Another aspect is the logical "reasonability" of your code. This is a hard term to define, encompassing everything from readability to flow. Generically, you should be able to look at a piece of code and easily understand what it does. But more important than that, you should be able to convince yourself that it does what it does correctly. When objects can change independently across different code "domains", it sometimes becomes difficult to keep track of what is where and why ("spooky action at a distance"). This is a more difficult concept to exemplify, but it's something that is often faced in larger, more complex architectures.

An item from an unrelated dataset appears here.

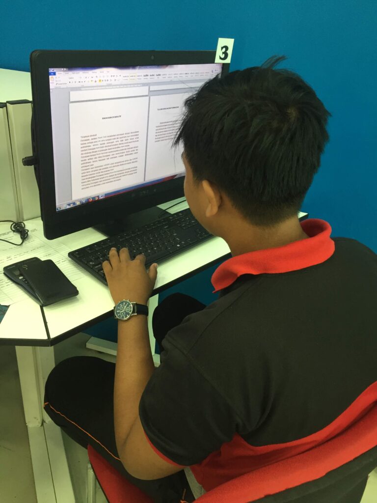 Petugas memberi tunjuk ajar kepada pelajar cara-cara menggunakan microsoft word dengan betul serta bantu pelajar menyiapkan kerja kursus mereka.
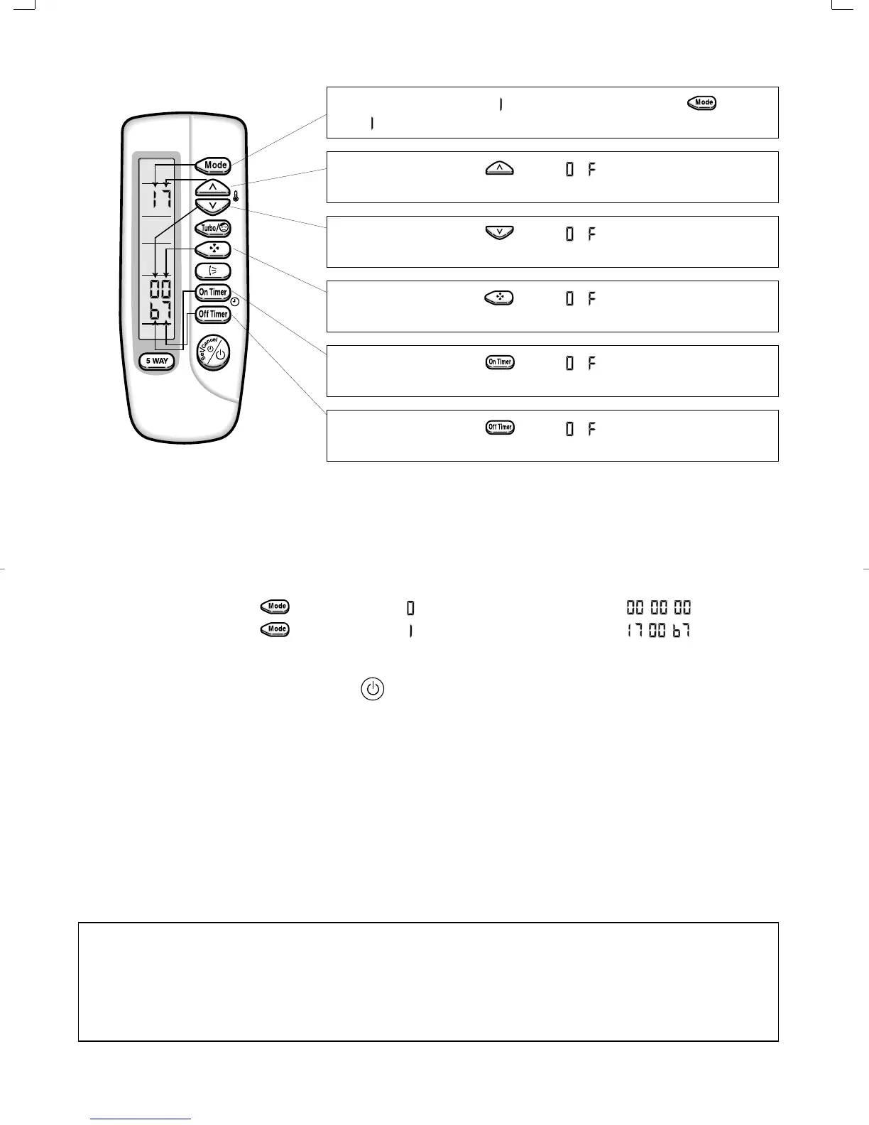 Third, Press ON/OFF key with the direction of remote controller for set.

Finally, mutable objects are killer in concurrent situations. Whenever you access a mutable object from separate threads, you have to deal with locking. This reduces throughput and makes your code dramatically more difficult to maintain. A sufficiently complicated system blows this problem so far out of proportion that it becomes nearly impossible to maintain (even for concurrency experts).
Immutable objects (and more particularly, immutable collections) avoid all of these problems. Once you get your mind around how they work, your code will develop into something which is easier to read, easier to maintain and less likely to fail in odd and unpredictable ways. Immutable objects are even easier to test, due not only to their easy mockability, but also the code patterns they tend to enforce. In short, they're good practice all around!
With that said, I'm hardly a zealot in this matter. Some problems just don't model nicely when everything is immutable. But I do think that you should try to push as much of your code in that direction as possible, assuming of course that you're using a language which makes this a tenable opinion (C/C++ makes this very difficult, as does Java). In short: the advantages depend somewhat on your problem, but I would tend to prefer immutability.
Immutable Objects vs. Immutable Collections
One of the finer points in the debate over mutable vs. immutable objects is the possibility of extending the concept of immutability to collections. An immutable object is an object that often represents a single logical structure of data (for example an immutable string). When you have a reference to an immutable object, the contents of the object will not change.
An immutable collection is a collection that never changes.
When I perform an operation on a mutable collection, then I change the collection in place, and all entities that have references to the collection will see the change.
When I perform an operation on an immutable collection, a reference is returned to a new collection reflecting the change. All entities that have references to previous versions of the collection will not see the change.
Clever implementations do not necessarily need to copy (clone) the entire collection in order to provide that immutability. The simplest example is the stack implemented as a singly linked list and the push/pop operations. You can reuse all of the nodes from the previous collection in the new collection, adding only a single node for the push, and cloning no nodes for the pop. The push_tail operation on a singly linked list, on the other hand, is not so simple or efficient.
Immutable vs. Mutable variables/references
Some functional languages take the concept of immutability to object references themselves, allowing only a single reference assignment.
In Erlang this is true for all "variables". I can only assign objects to a reference once. If I were to operate on a collection, I would not be able to reassign the new collection to the old reference (variable name).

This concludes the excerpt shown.